→ **Required work**: Pictures in the listing below are skipped, while the lines from the "Aromatic thyme herbs" line through the "Продается квартира-студия на" line are returned word for word.

→ **Data for processing**:
==========
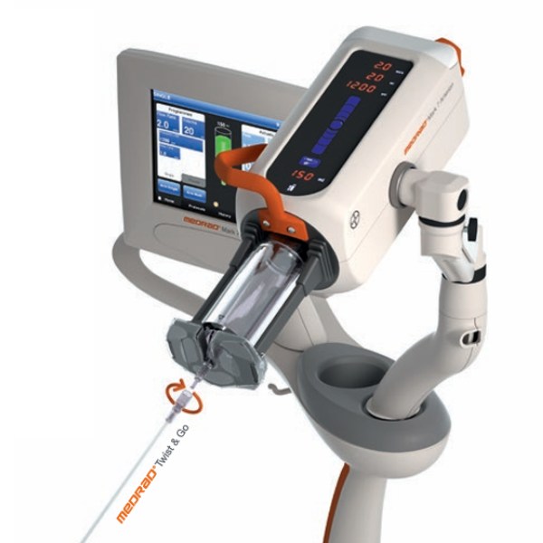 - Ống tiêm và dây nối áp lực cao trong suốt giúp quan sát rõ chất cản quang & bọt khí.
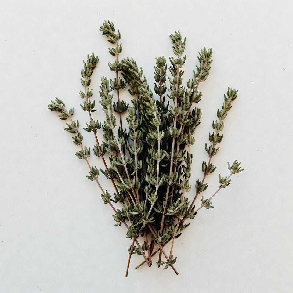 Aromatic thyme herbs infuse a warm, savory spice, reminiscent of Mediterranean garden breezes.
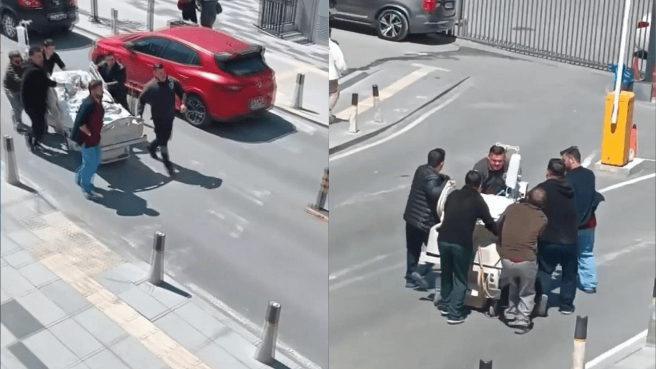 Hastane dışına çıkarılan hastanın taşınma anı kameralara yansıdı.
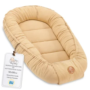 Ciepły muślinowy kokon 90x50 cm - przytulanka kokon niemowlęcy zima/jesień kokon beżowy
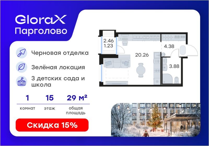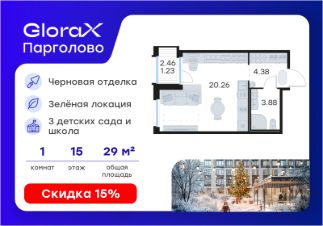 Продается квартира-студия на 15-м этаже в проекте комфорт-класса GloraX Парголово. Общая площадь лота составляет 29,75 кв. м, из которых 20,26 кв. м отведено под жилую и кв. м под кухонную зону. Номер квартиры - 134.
==========
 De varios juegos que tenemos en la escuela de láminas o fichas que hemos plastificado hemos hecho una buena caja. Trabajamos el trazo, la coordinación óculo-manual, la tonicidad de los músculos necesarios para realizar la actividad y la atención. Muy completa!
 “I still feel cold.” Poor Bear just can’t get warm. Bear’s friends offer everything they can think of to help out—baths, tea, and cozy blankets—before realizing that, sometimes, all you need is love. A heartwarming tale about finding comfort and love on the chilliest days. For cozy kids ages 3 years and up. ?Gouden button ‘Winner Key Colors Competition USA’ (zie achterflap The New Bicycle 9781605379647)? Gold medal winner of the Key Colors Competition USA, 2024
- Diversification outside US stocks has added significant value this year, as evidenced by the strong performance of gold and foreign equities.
==========
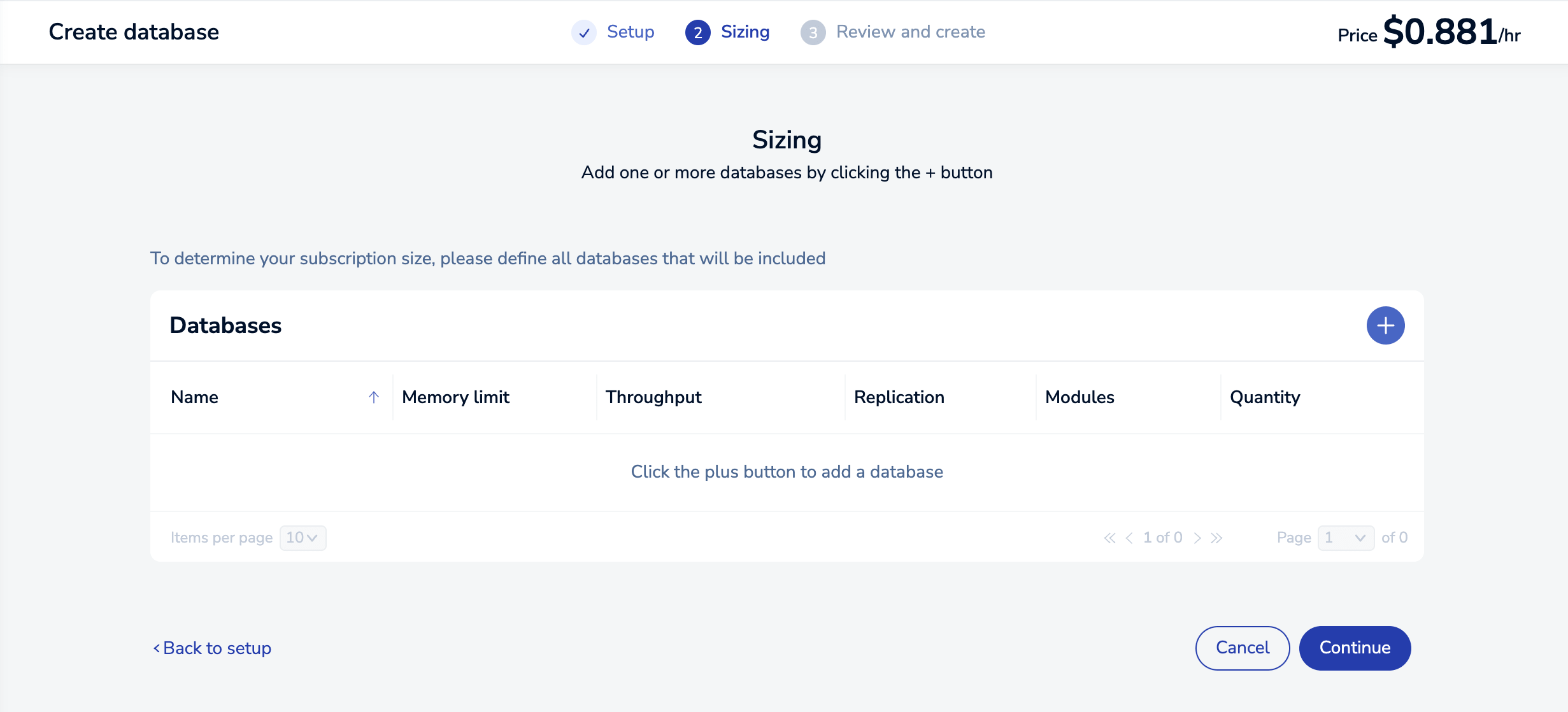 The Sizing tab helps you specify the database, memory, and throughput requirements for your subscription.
==========
→ **Exercise response**:
 Aromatic thyme herbs infuse a warm, savory spice, reminiscent of Mediterranean garden breezes.
 Hastane dışına çıkarılan hastanın taşınma anı kameralara yansıdı.
 Ciepły muślinowy kokon 90x50 cm - przytulanka kokon niemowlęcy zima/jesień kokon beżowy
 Продается квартира-студия на 15-м этаже в проекте комфорт-класса GloraX Парголово. Общая площадь лота составляет 29,75 кв. м, из которых 20,26 кв. м отведено под жилую и кв. м под кухонную зону. Номер квартиры - 134.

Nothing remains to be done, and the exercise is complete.